▸ Exercise materials:
━━━━━━━━━━━━━━━━━━━━

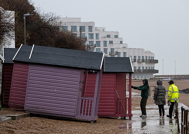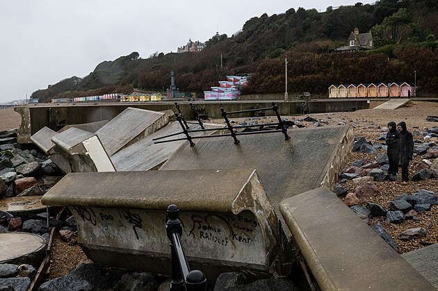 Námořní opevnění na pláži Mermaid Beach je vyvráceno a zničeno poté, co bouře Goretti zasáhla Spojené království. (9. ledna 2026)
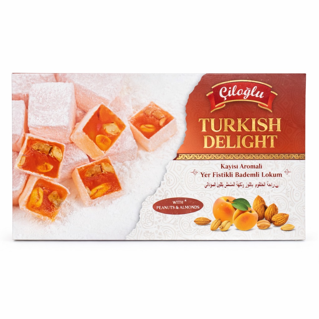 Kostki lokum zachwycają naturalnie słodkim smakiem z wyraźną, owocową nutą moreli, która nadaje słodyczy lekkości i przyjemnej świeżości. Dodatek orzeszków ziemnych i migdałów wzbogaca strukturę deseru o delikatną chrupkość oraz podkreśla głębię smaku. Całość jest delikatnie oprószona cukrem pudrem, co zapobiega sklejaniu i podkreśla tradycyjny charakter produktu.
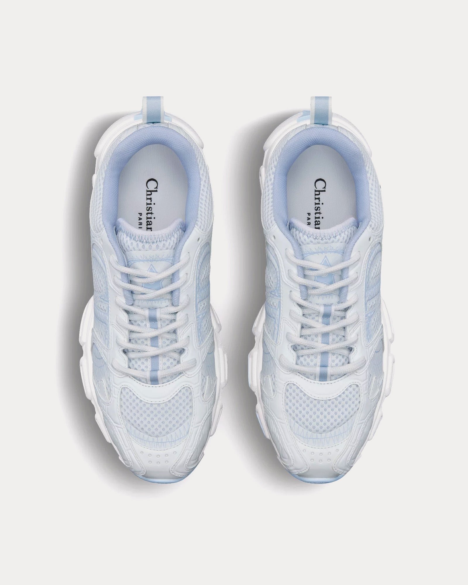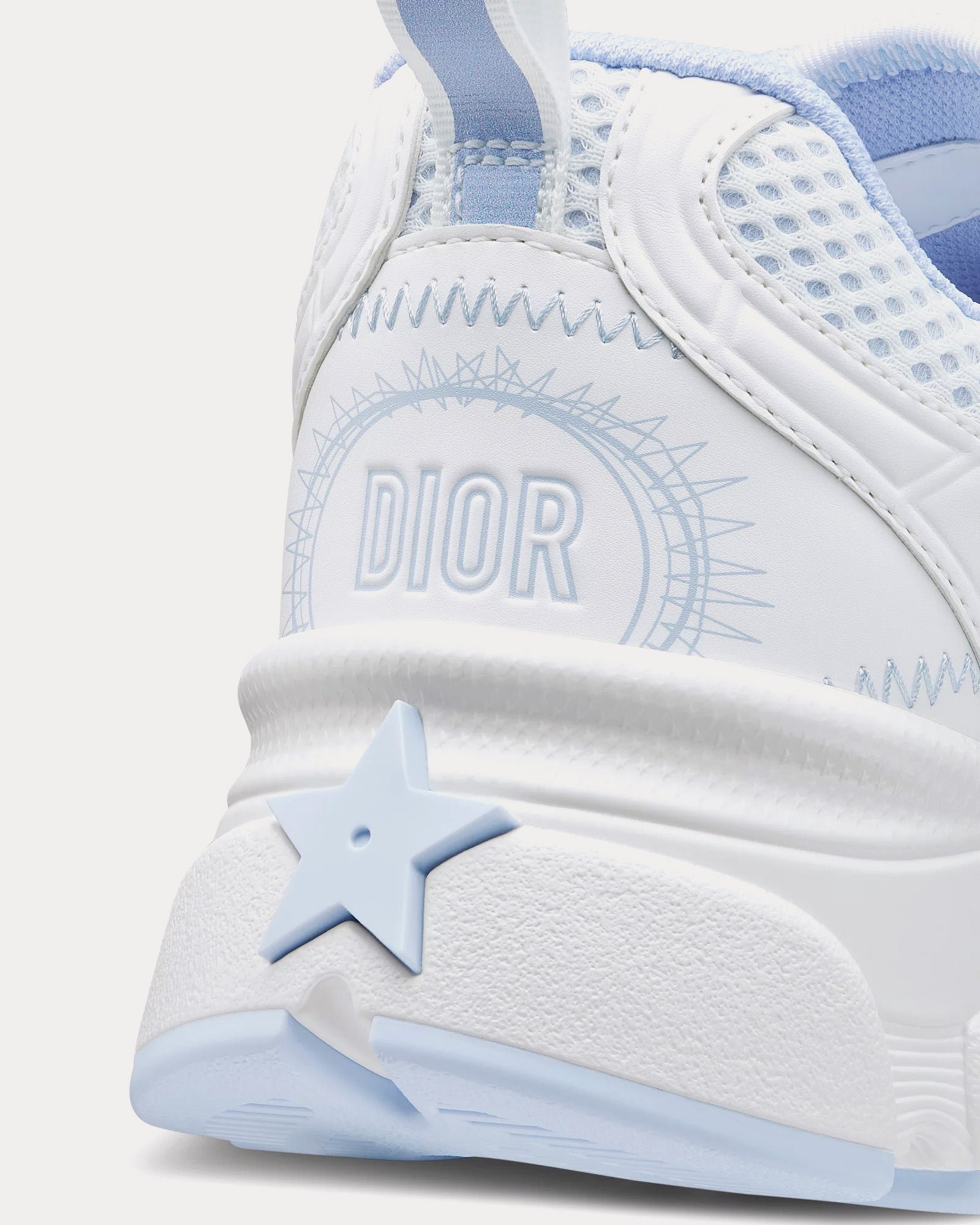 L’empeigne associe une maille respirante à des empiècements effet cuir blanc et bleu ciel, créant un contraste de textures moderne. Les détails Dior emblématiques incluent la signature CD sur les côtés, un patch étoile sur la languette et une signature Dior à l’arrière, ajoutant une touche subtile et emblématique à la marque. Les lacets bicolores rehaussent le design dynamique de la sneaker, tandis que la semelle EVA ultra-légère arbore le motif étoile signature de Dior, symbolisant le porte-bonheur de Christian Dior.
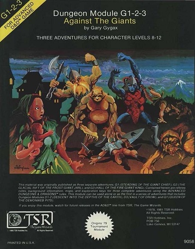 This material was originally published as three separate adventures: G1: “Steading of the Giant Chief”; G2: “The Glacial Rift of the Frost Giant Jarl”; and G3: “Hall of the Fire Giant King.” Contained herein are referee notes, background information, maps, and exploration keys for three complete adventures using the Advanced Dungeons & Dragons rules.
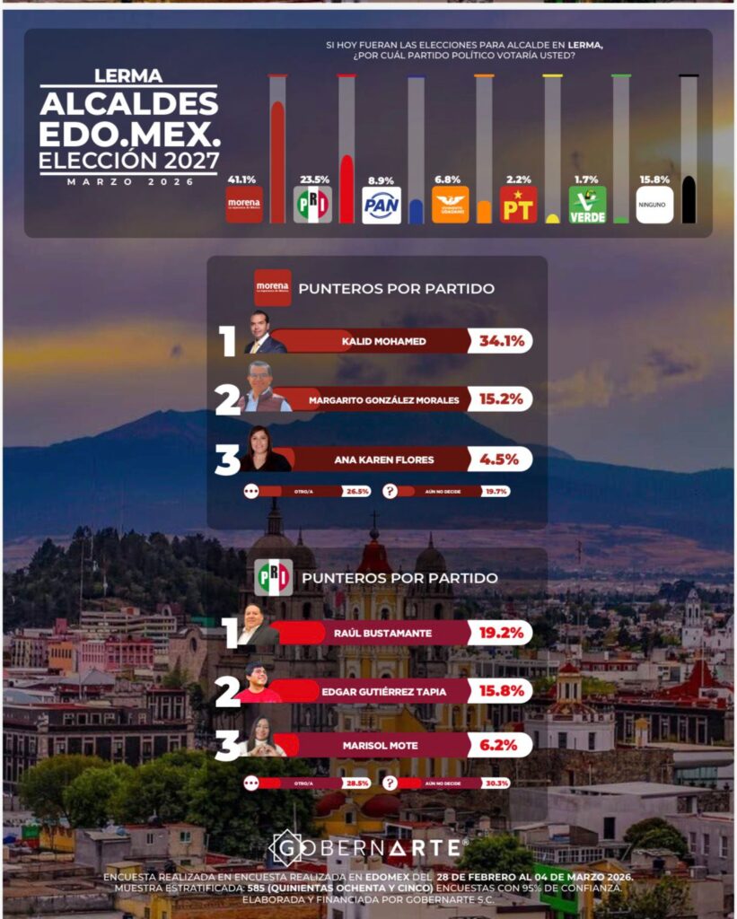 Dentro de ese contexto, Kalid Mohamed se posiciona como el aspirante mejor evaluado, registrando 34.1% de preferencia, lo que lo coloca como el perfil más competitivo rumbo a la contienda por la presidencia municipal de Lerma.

━━━━━━━━━━━━━━━━━━━━

▸ Required action: Repeat the material above precisely as it appears, omitting the images it contains.

▸ Task result:
 Námořní opevnění na pláži Mermaid Beach je vyvráceno a zničeno poté, co bouře Goretti zasáhla Spojené království. (9. ledna 2026)
 Kostki lokum zachwycają naturalnie słodkim smakiem z wyraźną, owocową nutą moreli, która nadaje słodyczy lekkości i przyjemnej świeżości. Dodatek orzeszków ziemnych i migdałów wzbogaca strukturę deseru o delikatną chrupkość oraz podkreśla głębię smaku. Całość jest delikatnie oprószona cukrem pudrem, co zapobiega sklejaniu i podkreśla tradycyjny charakter produktu.
 L’empeigne associe une maille respirante à des empiècements effet cuir blanc et bleu ciel, créant un contraste de textures moderne. Les détails Dior emblématiques incluent la signature CD sur les côtés, un patch étoile sur la languette et une signature Dior à l’arrière, ajoutant une touche subtile et emblématique à la marque. Les lacets bicolores rehaussent le design dynamique de la sneaker, tandis que la semelle EVA ultra-légère arbore le motif étoile signature de Dior, symbolisant le porte-bonheur de Christian Dior.
 This material was originally published as three separate adventures: G1: “Steading of the Giant Chief”; G2: “The Glacial Rift of the Frost Giant Jarl”; and G3: “Hall of the Fire Giant King.” Contained herein are referee notes, background information, maps, and exploration keys for three complete adventures using the Advanced Dungeons & Dragons rules.
 Dentro de ese contexto, Kalid Mohamed se posiciona como el aspirante mejor evaluado, registrando 34.1% de preferencia, lo que lo coloca como el perfil más competitivo rumbo a la contienda por la presidencia municipal de Lerma.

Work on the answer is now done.